Mais non ! Le législateur a sans doute beaucoup trop bu, car il va sans doute remonter dans son épave de voiture et repartir encore plus déterminé que jamais à avoir son texte. C’est un article d’Ecrans qui m’a fait réaliser avec effroi l’entêtement maladif du gouvernement sur ce sujet. En effet, selon une source proche du dossier, les restes de la loi Création et Internet devraient être promulgués dans les jours à venir. En clair, on va inscrire dans la loi un cadavre dont l’essentiel a été censuré par le Conseil constitutionnel et dont d’autres parties ont reçu un avertissement à travers la réserve d’interprétation.

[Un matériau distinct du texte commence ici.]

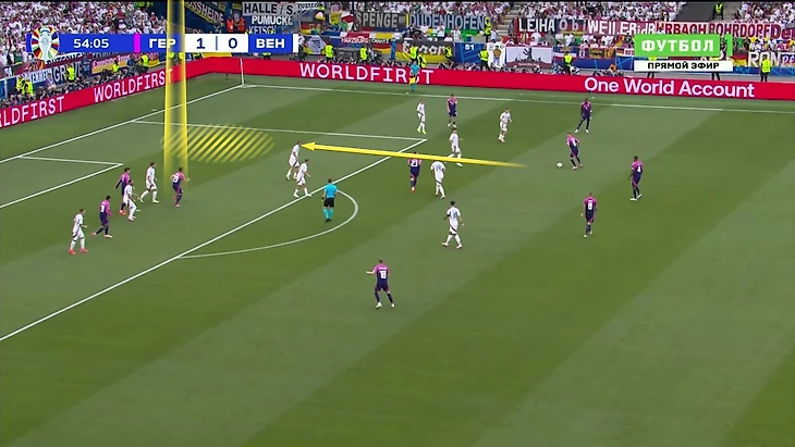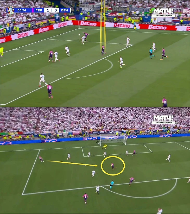 Шикарный момент против Венгрии: Киммих только посмотрел в свободную зону, а Гюндоган в ту же секунду там оказался. Очень полезно: промедли Гюндоган, Венгрия успела бы закрыться.
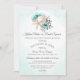 Flores impermeáveis e folhagem delicada enfeitam um dólar de areia suave e estrelas-do-mar. Convite para casamento Elegante na praia com uma redação totalmente editável e faixas náuticas no verso.

Bel exemple d’acharnement thérapeutique donc. Toujours selon l’article d’Astrid Girardeau, le gouvernement avait quatre possibilités : promulgation de la loi, nouvelle délibération des dispositions censurées, nouvelle loi à la rentrée ou amendement d’un autre texte. Je ne dis pas que telle ou telle proposition est meilleure qu’une autre, mais je suis pour le moins étonné du choix actuel.

La Commission de Protection des Droits, celle-là même qui devait fonctionner à un rythme de croisière de 1 000 coupures par jour, ne pourra plus qu’émettre des avertissements et au pire transférer le dossier au parquet pour que de véritables poursuites s’engagent, mais au sein de l’appareil judiciaire cette fois. Le dessin de Vidberg sur le sujet résume bien le souci : « nous avons constaté que vous avez téléchargé illégalement l’intégrale de Dick Rivers. Si vous continuez, nous serons dans l’obligation de.« 

Les internautes vont frémir assurément.

Donc maintenant ? Vont-ils essayer de réintroduire l’amende dans le dispositif alors même que les défenseurs du projet de loi en avaient écarté l’idée ? Cela irait à l’encontre de tout ce qu’ils ont dit durant les débats au parlement. Et puis à ce compte-là, autant introduire la licence globale, car ce n’est pas certain qu’une amende de 20, 30 ou même 40 euros dissuade un internaute attrapé. Sans doute y aura-t-il une baisse sensible, mais la probabilité de se faire attraper plusieurs fois étant quand même assez minime, beaucoup reprendront le téléchargement.

Et puis en plus, le Conseil constitutionnel avait censuré le principe de l’amende lors de la DADVSI en 2006. Vous imaginez, vous, le gardien de la Constitution française changer d’avis comme de chemise ? La raison invoquée à l’époque était bien compréhensible : de mémoire la mise en place de l’amende aurait provoqué une rupture d’égalité entre des personnes qui téléchargent et d’autres qui gravent des CD pour les distribuer ensuite à la sauvette. Même si cela durcit hélas les sanctions pour l’internaute puisque le téléchargement est considéré dès lors comme de la contrefaçon, il aurait été étrange que ces deux cas de figure ne soient pas traités de la même façon (cf § 64 et 65 de la décision n° 2006-540 DC du 27 juillet 2006).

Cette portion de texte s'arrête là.